The Factory arts centre, predicted to cost £110 million, being given the go ahead by Manchester city councillors provides a high profile expansion of Manchester’s cultural opportunities that will no doubt produce, perform and exhibit excellent work. However at a time when the region is experiencing austerity driven shortages in social care, health and housing could this money be better spent elsewhere? Are cultural vanity projects really the answer to Manchester’s problems?

A lack of culture is one thing Manchester is rarely accused of by its inhabitants or visitors to the city. One of the main reasons people love the city is because of the numerous cultural opportunities on offer, according to a recent video vox pop carried out by The Meteor.

The £110m arts centre, designed by Dutch architect Rem Koolhaas, is a major part of George Osborne’s northern powerhouse plan aiming to enhance the region’s economy. It will be built on the old Granada TV studios site and form part of the new St John’s neighbourhood, which is being jointly developed by Manchester City Council (MCC) and the property development company Allied London. Osborne promised £78m of government money towards the project leaving MCC responsible for delivering the estimated remaining £32m of the funding package.

While MCC is finding the cash for this grand cultural project it is carrying out huge cuts to public services, forced on them by national government, that is straining the fabric of our society to breaking point. Since 2010/11 Manchester City Council has undertaken cuts to its budget of £271m, almost a third of the total, and reduced its workforce by 38%.

Cuts or savings?

Make no mistake, we are not all “in this together” as conservatives Cameron and Osborne repeatedly stated, when their ideologically driven austerity agenda got under way. When it comes to cuts to public services the poorest and most vulnerable communities are hit the hardest.

In 2015 MCC agreed on budget cuts to Housing Related Support and the Homelessness Prevention Grant totalling just over £2m. Both of these funds are vital for preventing homelessness in the ever growing number of households trying to keep the increasingly ravenous austerity wolf from the door.

The Family Nurse Partnership (FNP) programme provides support to first time young mothers under the age of 20 in Manchester. Many of their clients have mental health problems, learning difficulties or have suffered domestic abuse. Independent research estimates that for each £1.00 invested in FNP work, society obtains £1.94 in return, due partly to reduced use of public services. This makes MCC’s decision to cut the Public Health Services budget by £370k, resulting in the end of the FNP programme, appear to be another false economy.

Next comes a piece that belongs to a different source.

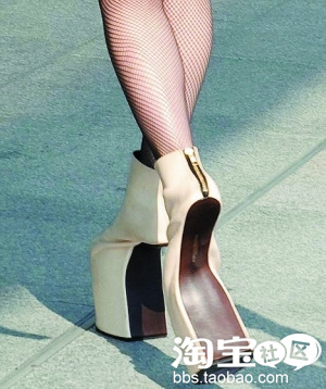 Alexander Mc Queen搞怪本领的确在时尚界首屈一指,他新设计的2010年春夏款“阿曼迪罗”鞋子系列绝对位居“最疯狂的鞋子”榜首。“阿曼迪罗”鞋高达12英寸(约为31厘米),一穿上你就能“拔地而起”,更难的部分是它弧形的设计,有人说像龙虾腿也有人把它形容为驴蹄子,总之,人类的脚背要适应那个幅度需要有重大牺牲精神。

Unite regional officer Keith Hutson, said in defence of the FNP:

“This is about local people looking out for our community…Withdrawing this service will be detrimental in affecting the health, well-being and life chances of both the parents and the children.“

Alcohol and drug services (ADS) are a vital area of health and social care. They can help the large number of homeless people with substance abuse problems tackle them and ultimately find health, stability and a home. They are also very important in helping other vulnerable people and preventing homelessness in the first place. These services reduce the strain on the NHS from the myriad health issues associated with substance abuse. The ADS budget was cut by £430k with further cuts predicted for 2016/17.

The austerity-driven cuts continue, which MCC have started to describe euphemistically as savings in their draft budget proposals, taking a leaf from the current UK government’s fondness for doublespeak. A further £30m of ‘savings’ to Manchester’s budget will be spread over the next three years.

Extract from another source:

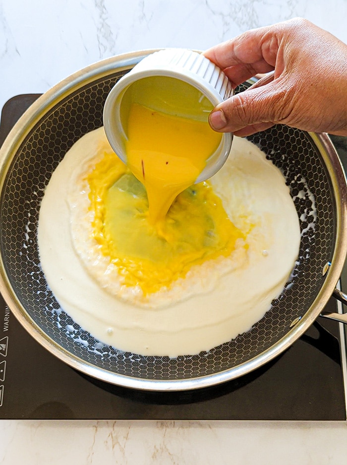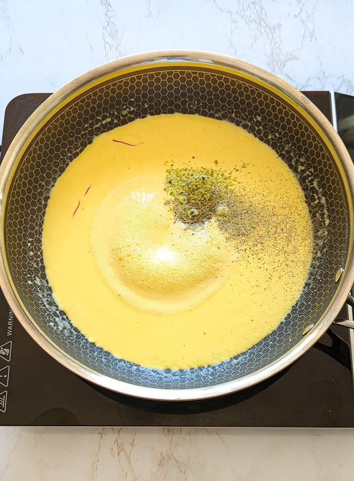 - Combine cream and saffron milk in a heavy-bottomed pan.

This pattern is being repeated all over the Greater Manchester Region and there may be more cuts to come. The Greater Manchester Health and Social Care Partnership is a body formed in 2015 between the 37 NHS organisations and local authorities as part of the Devo Manc deal. It now directs all health and social care in GM and recently revealed a predicted £897m deficit for the NHS and a £176m social care deficit.

Cultural class divide

While these budget cuts push vulnerable communities and the working class deeper into poverty and despair, it feels wrong to be spending £110m on an arts centre that will mainly benefit the middle and upper class. Both Julie Walters and Judi Dench have spoken about a class/wealth divide in the arts that prevents people from poorer working class backgrounds making career progress and favours those from more affluent backgrounds. As for the potential visitors to The Factory: if you don’t know where your next month’s rent is coming from and you are dependent on a food bank for your groceries, you are unlikely to fork out for a night at the theatre.

There are many public services that this money could protect from cuts but even when it comes to promoting culture within the region, massive arts centres are not the only solution. Numerous art institutions in Manchester could benefit from a share of a fraction of the money being spent on The Factory. This could be done in a way to promote participation from the working class, bridging that class divide rather than entrenching it.

The cuts to public services are undermining the foundations of our society, leaving vanity projects like The Factory being built on very shaky ground. If we really want to build a Greater Manchester that is truly great, with cultural opportunities for all, we need to start investing in its most important resource: its people.

Conrad Bower

A petition in support of the Family Nurse Partnership Programme can be found by clicking here.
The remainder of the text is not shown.